| HN Mirror

Y	Hacker News new \| ask \| show \| jobs


	by optimalsolver 808 days ago
	We can name these hypothetical objects Recursive Neural Networks.

3 comments

whimsicalism 808 days ago

i know you're jesting but RNNs are recursive along the sequence length where I am describing recursion along the depth.

link

YeGoblynQueenne 807 days ago

Recursive NNs are not the same as Recurrent NNs:

https://en.wikipedia.org/wiki/Recursive_neural_network

Well ish. The article above explains that Recursive-NNs are hierarchical whereas RNNs are linear. I guess the distinction is a little on the fine side.

Anyway carry on. Pedantic moment over.

link

whimsicalism 807 days ago

The recursive neural networks described there are a failed academic project from more than a decade ago, predating modern deep learning. Basically everyone using the phrase recursive nn nowadays is probably just mispeaking for RNN. RNNs also are not linear

link

YeGoblynQueenne 805 days ago

I don't know about "everybody nowadays" but I remember Recursive Neural Nets as an architecture introduced by Christopher Manning with the argument that it was better suited to the hierarchical structure of language than existing architectures.

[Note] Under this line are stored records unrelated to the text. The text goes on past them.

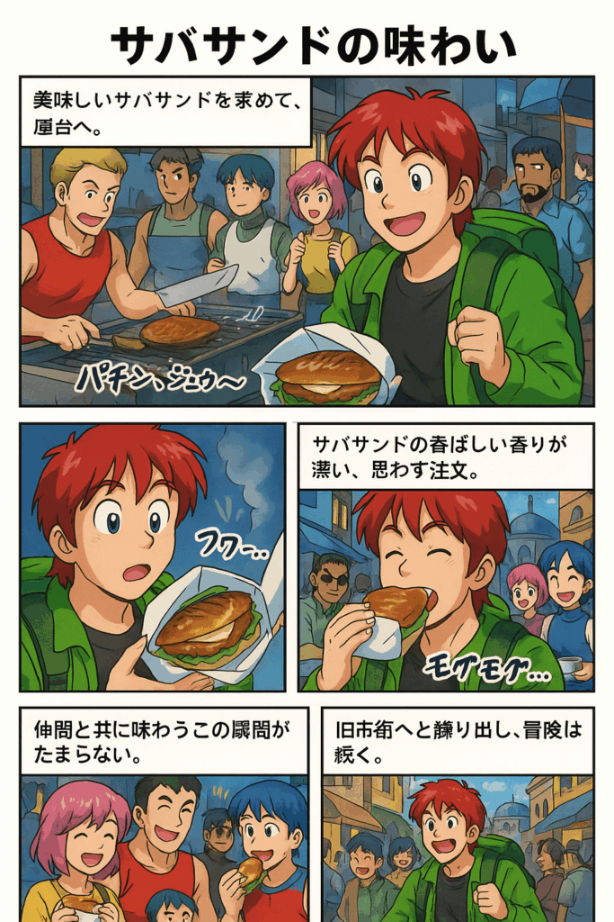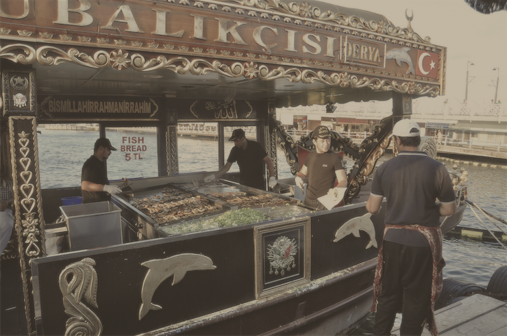 ガラタ橋の袂で、小さな船が何艘もあり、そこからサバサンドを売っている。釣竿でサバを釣りながら、そこで揚げてる。小さな船なので無茶苦茶揺れてる。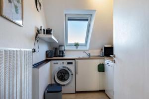 Questo appartamento presenta 1 camera da letto, una TV con canali satellitari, una cucina con frigorifero e lavastoviglie, una lavatrice e 1 bagno con vasca da bagno. Lenzuola e asciugamani sono a vostra disposizione presso Ferienwohnung Moin.
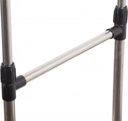 Kakovostne kovinske cevi in čvrsti plastični spoji zagotavljajo lahkost in dolgo življenjsko dobo. Stojalo je odporno in stabilno pri vsakodnevni uporabi.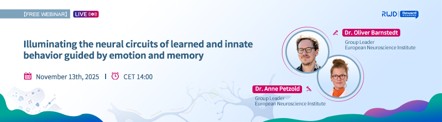 Webinar: Illuminating the neural circuits of learned and innate behavior guided by emotion and memory Presenters: Dr. Oliver Barnstedt and Dr. Anne Petzold (European Neuroscience Institute, Germany) Date: Thursday, November 13, 2025 Time: 14:00 CET Session 1: Fear Not – How Hypothalamic Circuits Overcome Anxiety Speaker: Dr. Anne Petzold Group Leader, European Neuroscience Institute Content Outline: Dissect hypothalamic–prefrontal circuits using optogenetics and calcium imaging in freely moving mice to illuminate how leptin-sensitive neurons in the lateral hypothalamus shape adaptive feeding under anxiety. Uncover how prefrontal inputs inhibit leptin-sensitive neurons and drive maladaptive states in an anorexic model, revealing these neurons as key regulators of anxiety and eating disorders. Illustrate the use of state-of-the-art technical approaches to illuminate circuit function: somatic stimulation of defined neuronal populations or axonal stimulation in freely moving mice, optogenetic assays, cell calcium imaging, and axonal fiber photometry. About Dr. Anne Petzold: Neuroscientist based at
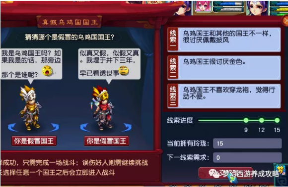 两个国王,选一个进入战斗,对国王用照妖镜,战斗中用道具选,真国王无效果,会逃跑,打败后还需与假国王战斗,用照妖镜秒杀假国王,清楚小怪后完成副本,图中左边是假国王打完直接结束,想打两场就要先选真国王。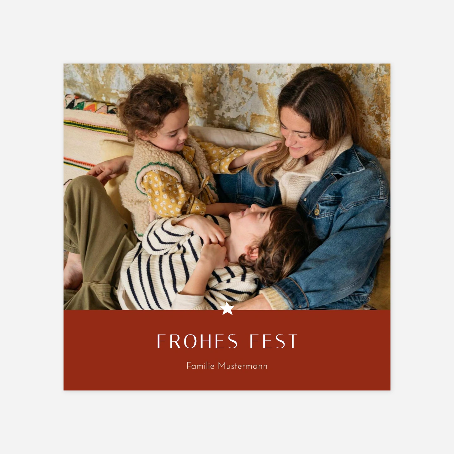Die Weihnachtskarte „Goldstern” ist eine stilvolle und elegante Möglichkeit, um Ihren Lieben herzliche Festtagsgrüße zukommen zu lassen. Die quadratische Karte wurde von unserem hauseigenen Designteam Le Collectif entworfen und bietet auf der Vorderseite ausreichend Platz, um ein schönes Foto groß in Szene zu setzen. Darunter findet Ihr Text auf einem farblich hinterlegten Feld Platz. Sie haben die Wahl, ob Sie dieses in einem kräftigen Blau, einem festlichen Rot oder einem eleganten Gold bevorzugen. Die Rückseite bietet dann Raum für ein weiteres Foto und Ihre persönliche Botschaft an Freunde und Familie. Entscheiden Sie sich zunächst für eine Farbversion, dann können Sie auch schon mit der Gestaltung Ihrer Weihnachtskarte in unserem praktischen Online-Editor beginnen. Natürlich können Sie alle Elemente anpassen und ganz nach Ihren Vorstellungen personalisieren. So entsteht eine individuelle Karte, die zu Ihnen passt und Ihre Lieben verzaubern wird. Falls Sie sich zunächst einen persönlichen Eindruck von Ihrer Karte verschaffen möchten, um sie einmal in der Hand zu halten sowie um Druckqualität und Haptik besser beurteilen zu können, können Sie gerne einen personalisierten Probedruck bestellen. Dieser ist für Sie natürlich kostenlos.

I did find it a bit of a bad choice of name, given that it's so closed to Recurrent Neural Nets. All this is from memory though I might check the internets later to see what I misremember.

RNNs are a large class of architectures of varying complexity, from Kallman Filters to LSTMs. It's not clear to me exactly what the wikipedia article means by "linear" but LSTMs for example treat their inputs as sequences and don't try to deconstruct them into parts, like e.g. Convolutional Neural Nets do. So maybe that's what's meant by "linear".

link

ska 807 days ago

No opinion on the specifics of this distinction, but it's worth noting that in research, an awful lot of successful projects have their origins in failed projects of decades ago...

link

whimsicalism 807 days ago

My experience working in machine learning academia is an overfocus on failed projects from the early 00s to 90s that really only stopped in 2020+.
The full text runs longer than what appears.